Assignment:
The line containing "Woman wearing brown" and each line after it, through the final line of the data, are to be retyped exactly, with pictures left out.

Items from a data source:
------

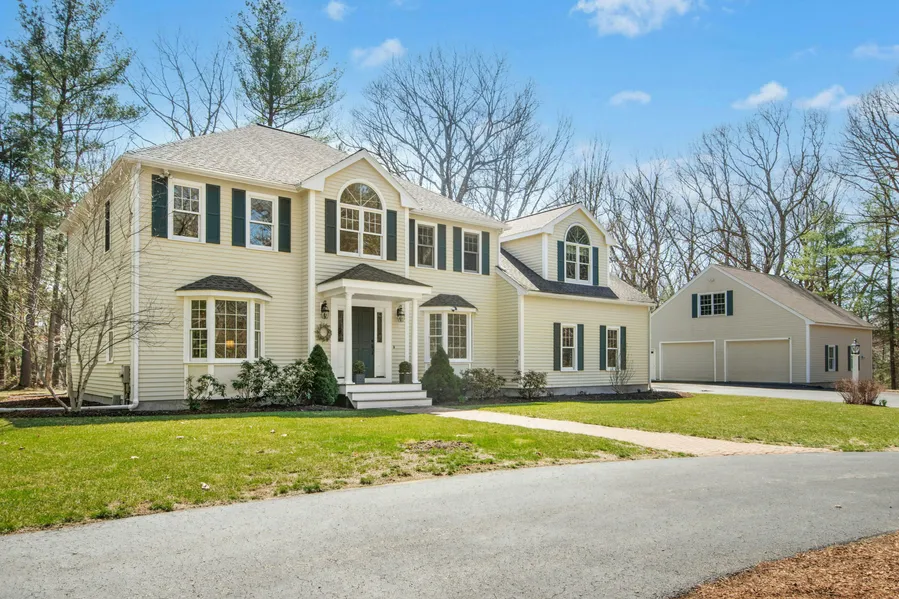 Car enthusiasts, hobbyists & those seeking potential detached living quarters—this one has it all! Sunny Colonial privately sited on 6 acres, offering space, flexibility, and incredible bonus features. Two-story foyer opens to formal living & dining rooms with pocket doors. Eat-in kitchen with cherry cabinets, updated appliances, and breakfast bar flows into vaulted family room with gas fireplace. Bonus vaulted play/sitting room with wrap-around windows & slider to deck. First-floor private home office with bay window. Expansive primary suite with soaring ceilings, dual walk-in closets + bonus closet, and spacious bath with jacuzzi tub, tiled shower, double vanity, and linen closet. Finished basement play space & 2 large storage rooms. Detached garage structure includes 2 bays on the main level (1 heated), additional 30x33 garage bay on lower level, and unfinished second floor with potential for ADU/apartment, or office. <5 min. to Rt. 2, S. Acton MBTA train, and <10 min. to W. Concord
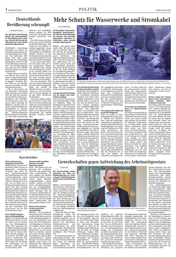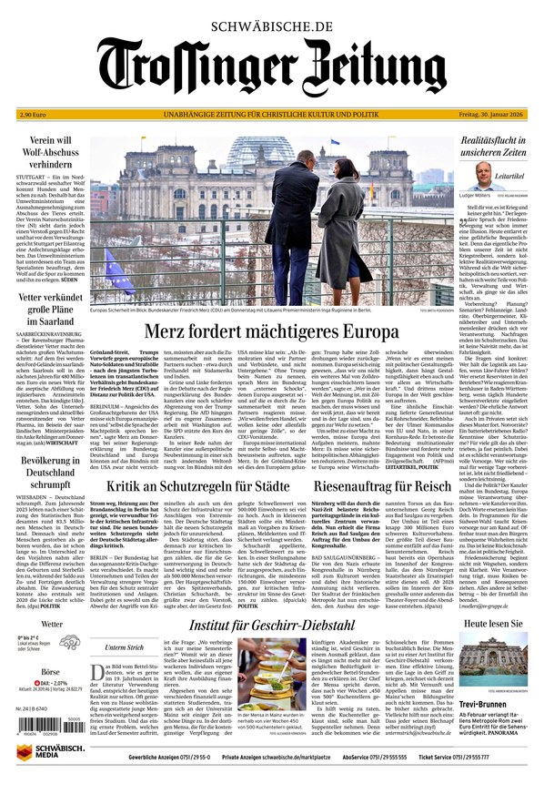 Als Lokalausgabe der Schwäbischen Zeitung erscheint die Trossinger Zeitung von Montag bis Samstag als ePaper. Die "Unabhängige Zeitung für christliche Kultur und Politik" berichtet über alle News aus Trossingen, Villingen-Schwenningen, Elta, Baar, Primtal, Heuberg und Spaichingen. Was im Kreis und in der Region wichtig ist, erfahren Sie täglich im ePaper der Trossinger Zeitung. Sie können die digitale Ausgabe Ihrer lokalen Tageszeitung nicht nur auf dem Smartphone, Tablet oder am Computer lesen, sondern auch als PDF herunterladen.
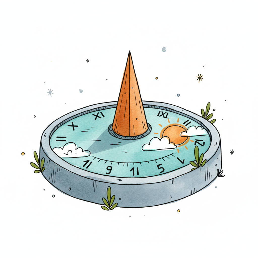 Bunte Aquarell-Illustration einer Sonnenuhr mit konischem Zeiger, Sonne, Wolken und Pflanzen.
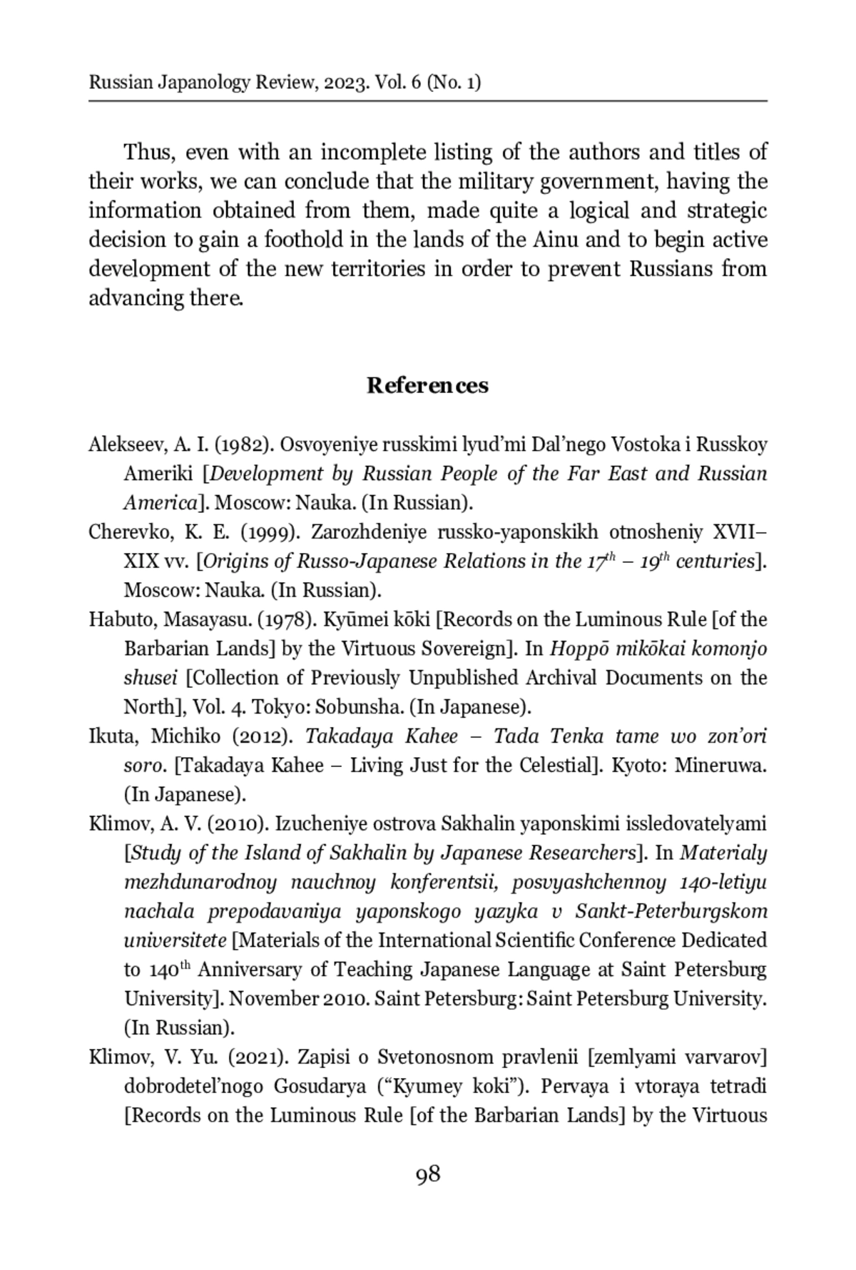 5. Klimov, A. V. (2010). Izucheniye ostrova Sakhalin yaponskimi issledovatelyami. In Materialy mezhdunarodnoy nauchnoy konferentsii, posvyashchennoy 140-letiyu nachala prepodavaniya yaponskogo yazyka v Sankt-Peterburgskom universitete. November 2010. Saint Petersburg: Saint Petersburg University. (In Russian).
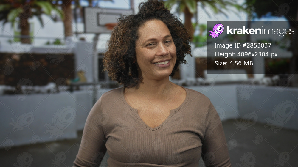 Woman wearing brown top smiles gently with closed eyes on sunlit outdoor basketball court; serenity.
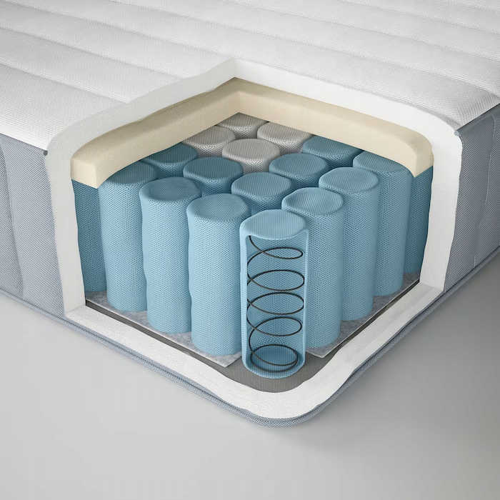 249 sprężyn na metr kwadratowy w materacu o wymiarach 90×200 cm.
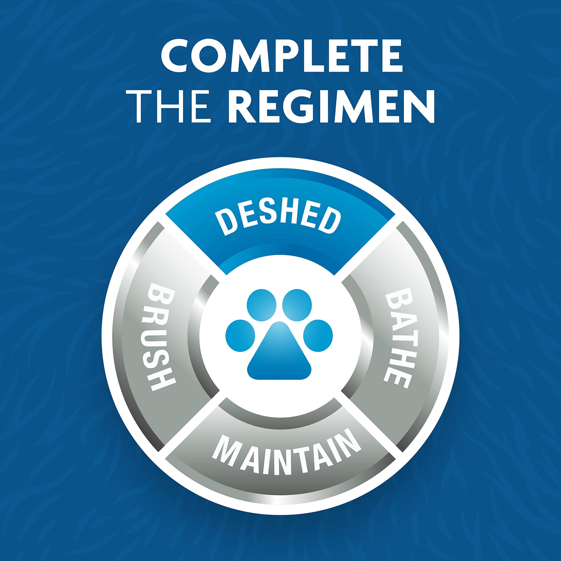 | directions | Brush daily to detangle and smooth fur; deShed weekly to reduce shed hair; and bathe monthly to promote healthy skin and coat while reducing shedding. |

------

Exercise response:
 Woman wearing brown top smiles gently with closed eyes on sunlit outdoor basketball court; serenity.
 249 sprężyn na metr kwadratowy w materacu o wymiarach 90×200 cm.
 | directions | Brush daily to detangle and smooth fur; deShed weekly to reduce shed hair; and bathe monthly to promote healthy skin and coat while reducing shedding. |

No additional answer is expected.